= PROVIDED DATA =
>>>

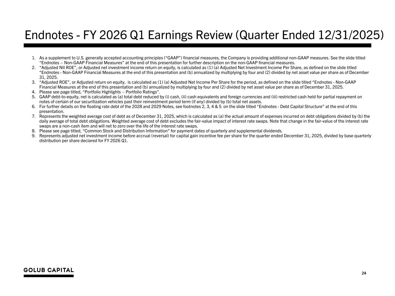 24 Endnotes - FY 2026 Q1 Earnings Review (Quarter Ended 12/31/2025) 1. As a supplement to U.S. generally accepted accounting principles (“GAAP”) financial measures, the Company is providing additional non-GAAP measures. See the slide titled “Endnotes – Non-GAAP Financial Measures” at the end of this presentation for further description on the non-GAAP financial measures. 2. “Adjusted NII ROE”, or Adjusted net investment income return on equity, is calculated as (1) (a) Adjusted Net Investment Income Per Share, as defined on the slide titled “Endnotes - Non-GAAP Financial Measures at the end of this presentation and (b) annualized by multiplying by four and (2) divided by net asset value per share as of December 31, 2025. 3. “Adjusted ROE”, or Adjusted return on equity, is calculated as (1) (a) Adjusted Net Income Per Share for the period, as defined on the slide titled “Endnotes - Non-GAAP Financial Measures at the end of this presentation and (b) annualized by multiplying by four and (2) divided by net asset value per share as of December 31, 2025. 4. Please see page titled, “Portfolio Highlights – Portfolio Ratings”. 5. GAAP debt-to-equity, net is calculated as (a) total debt reduced by (i) cash, (ii) cash equivalents and foreign currencies and (iii) restricted cash held for partial repayment on notes of certain of our securitization vehicles past their reinvestment period term (if any) divided by (b) total net assets. 6. For further details on the floating rate debt of the 2028 and 2029 Notes, see footnotes 2, 3, 4 & 5 on the slide titled “Endnotes - Debt Capital Structure” at the end of this presentation. 7. Represents the weighted average cost of debt as of December 31, 2025, which is calculated as (a) the actual amount of expenses incurred on debt obligations divided by (b) the daily average of total debt obligations. Weighted average cost of debt excludes the fair-value impact of interest rate swaps. Note that change in the fair-value of the interest rate swaps are a non-cash item and will net to zero over the life of the interest rate swaps. 8. Please see page titled, “Common Stock and Distribution Information” for payment dates of quarterly and supplemental dividends. 9. Represents adjusted net investment income before accrual (reversal) for capital gain incentive fee per share for the quarter ended December 31, 2025, divided by base quarterly distribution per share declared for FY 2026 Q1.
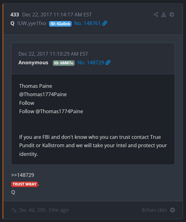 Q told us to Trust Wray in multiple q drops. The post above is the first. The credit for catching the following, goes to Anon Joe Rambo:
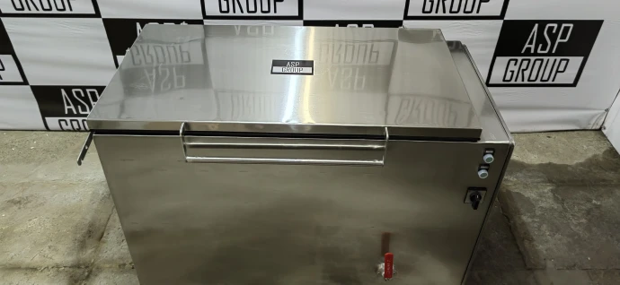 Машина для мойки коптильных вешал (палок) ASP-MMKP предназначена для автоматической мойки стандартных вешал (палок) для копчения, загрязненных при термической обработке мясных изделий. Напольная конструкция с верхней загрузкой. Интенсивная мойка инструмента в подогретом до 60°С моющем растворе происходит во вращающемся барабане. Время мойки регулируется в зависимости от степени загрязнения. Наполнение и слив воды в процессе мойки осуществляется автоматически, через трубки, с помощью контроллера, установленного в электрическом блоке. Дозировка моющего средства осуществляется в ручную. После обработки вешал с моющим средством, происходит процесс ополаскивания. По окончанию процесса звучит звуковой сигнал.
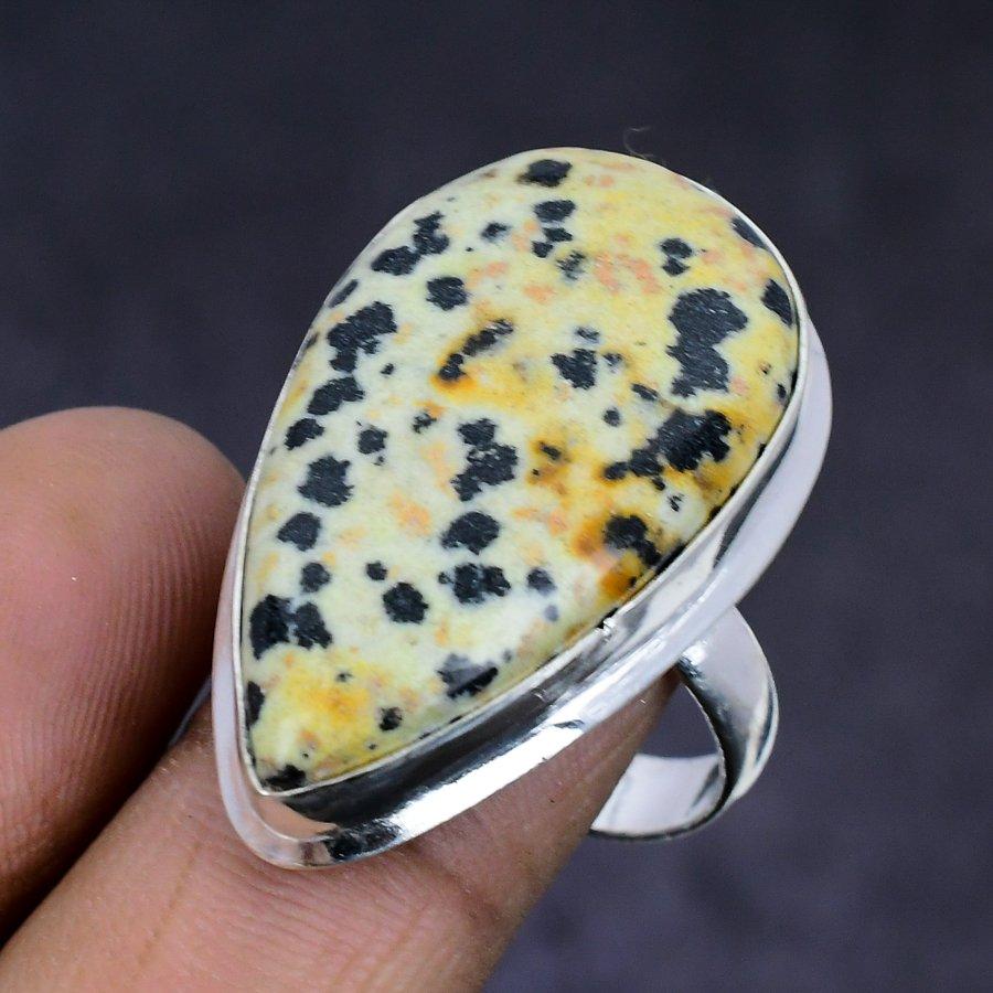 Натуральный драгоценный камень далматинская яшма, ювелирное кольцо из стерлингового серебра 925 пробы, размер 9 U3B92

<<<

= WORK ORDER =
The entire listing is to be printed exactly, with each picture omitted.

= WRITTEN SOLUTION =
 24 Endnotes - FY 2026 Q1 Earnings Review (Quarter Ended 12/31/2025) 1. As a supplement to U.S. generally accepted accounting principles (“GAAP”) financial measures, the Company is providing additional non-GAAP measures. See the slide titled “Endnotes – Non-GAAP Financial Measures” at the end of this presentation for further description on the non-GAAP financial measures. 2. “Adjusted NII ROE”, or Adjusted net investment income return on equity, is calculated as (1) (a) Adjusted Net Investment Income Per Share, as defined on the slide titled “Endnotes - Non-GAAP Financial Measures at the end of this presentation and (b) annualized by multiplying by four and (2) divided by net asset value per share as of December 31, 2025. 3. “Adjusted ROE”, or Adjusted return on equity, is calculated as (1) (a) Adjusted Net Income Per Share for the period, as defined on the slide titled “Endnotes - Non-GAAP Financial Measures at the end of this presentation and (b) annualized by multiplying by four and (2) divided by net asset value per share as of December 31, 2025. 4. Please see page titled, “Portfolio Highlights – Portfolio Ratings”. 5. GAAP debt-to-equity, net is calculated as (a) total debt reduced by (i) cash, (ii) cash equivalents and foreign currencies and (iii) restricted cash held for partial repayment on notes of certain of our securitization vehicles past their reinvestment period term (if any) divided by (b) total net assets. 6. For further details on the floating rate debt of the 2028 and 2029 Notes, see footnotes 2, 3, 4 & 5 on the slide titled “Endnotes - Debt Capital Structure” at the end of this presentation. 7. Represents the weighted average cost of debt as of December 31, 2025, which is calculated as (a) the actual amount of expenses incurred on debt obligations divided by (b) the daily average of total debt obligations. Weighted average cost of debt excludes the fair-value impact of interest rate swaps. Note that change in the fair-value of the interest rate swaps are a non-cash item and will net to zero over the life of the interest rate swaps. 8. Please see page titled, “Common Stock and Distribution Information” for payment dates of quarterly and supplemental dividends. 9. Represents adjusted net investment income before accrual (reversal) for capital gain incentive fee per share for the quarter ended December 31, 2025, divided by base quarterly distribution per share declared for FY 2026 Q1.
 Q told us to Trust Wray in multiple q drops. The post above is the first. The credit for catching the following, goes to Anon Joe Rambo:
 Машина для мойки коптильных вешал (палок) ASP-MMKP предназначена для автоматической мойки стандартных вешал (палок) для копчения, загрязненных при термической обработке мясных изделий. Напольная конструкция с верхней загрузкой. Интенсивная мойка инструмента в подогретом до 60°С моющем растворе происходит во вращающемся барабане. Время мойки регулируется в зависимости от степени загрязнения. Наполнение и слив воды в процессе мойки осуществляется автоматически, через трубки, с помощью контроллера, установленного в электрическом блоке. Дозировка моющего средства осуществляется в ручную. После обработки вешал с моющим средством, происходит процесс ополаскивания. По окончанию процесса звучит звуковой сигнал.
 Натуральный драгоценный камень далматинская яшма, ювелирное кольцо из стерлингового серебра 925 пробы, размер 9 U3B92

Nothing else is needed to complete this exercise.